In your copy of the data, keep every word exact and include no pictures.

__SOURCE DATA__
↓↓↓
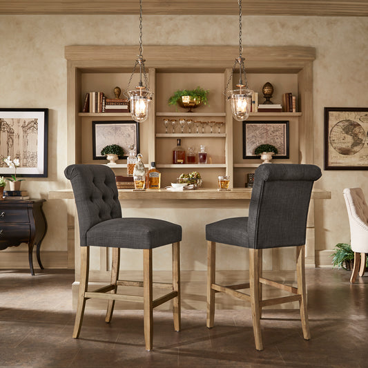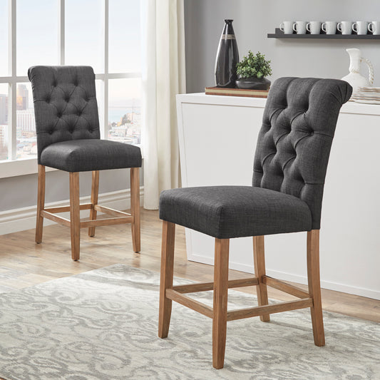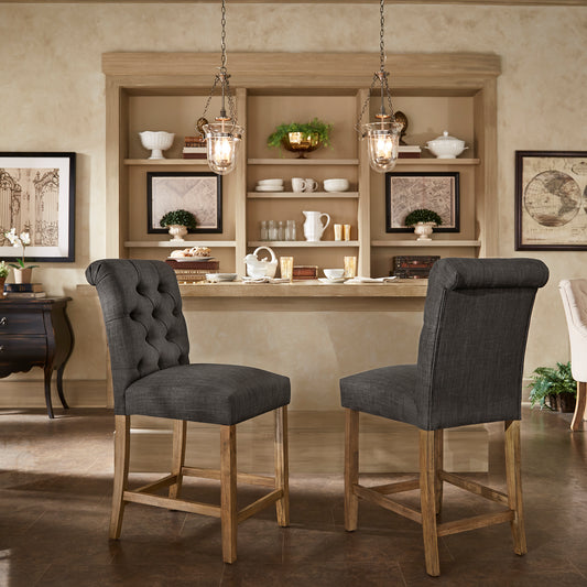 Tufted Rolled Back Counter Height Stools (Set of 2) - Dark Gray
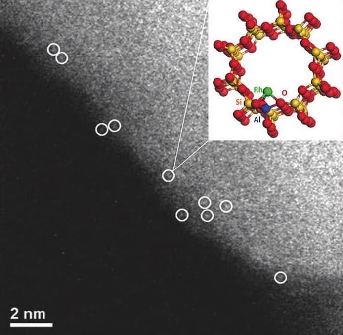 Supported Rh catalysts were prepared through relatively simple synthesis procedures. The main focus was to atomically disperse the rhodium species, which was achieved by a special heat treatment protocol on the zeolite support and by anchoring rhodium precursor species on reduced titania assisted by UV irradiation. The atomic rhodium state is necessary for the reaction to occur.
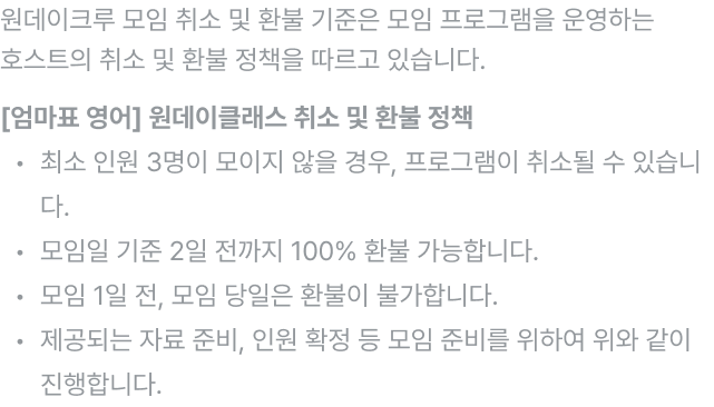 - 모임일 2일 전까지 취소 가능하며, 자세한 내용은 [안내사항] 취소 및 환불 정책을 참고해주세요.
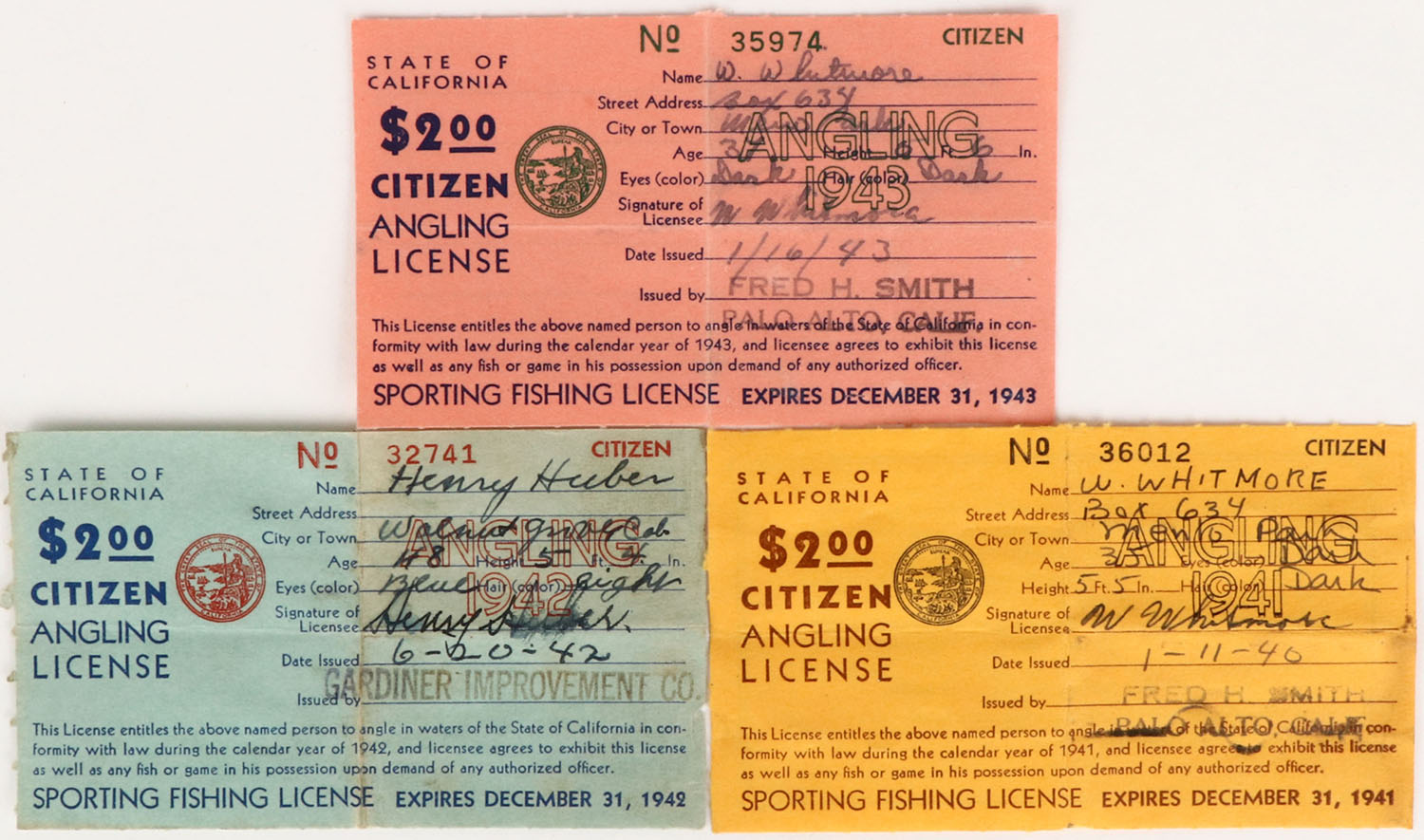 Lot of 3 California Fishing License. Grade: Excellent - Value: 2 to 50
↑↑↑
__FINISHED EXERCISE__
 Tufted Rolled Back Counter Height Stools (Set of 2) - Dark Gray
 Supported Rh catalysts were prepared through relatively simple synthesis procedures. The main focus was to atomically disperse the rhodium species, which was achieved by a special heat treatment protocol on the zeolite support and by anchoring rhodium precursor species on reduced titania assisted by UV irradiation. The atomic rhodium state is necessary for the reaction to occur.
 - 모임일 2일 전까지 취소 가능하며, 자세한 내용은 [안내사항] 취소 및 환불 정책을 참고해주세요.
 Lot of 3 California Fishing License. Grade: Excellent - Value: 2 to 50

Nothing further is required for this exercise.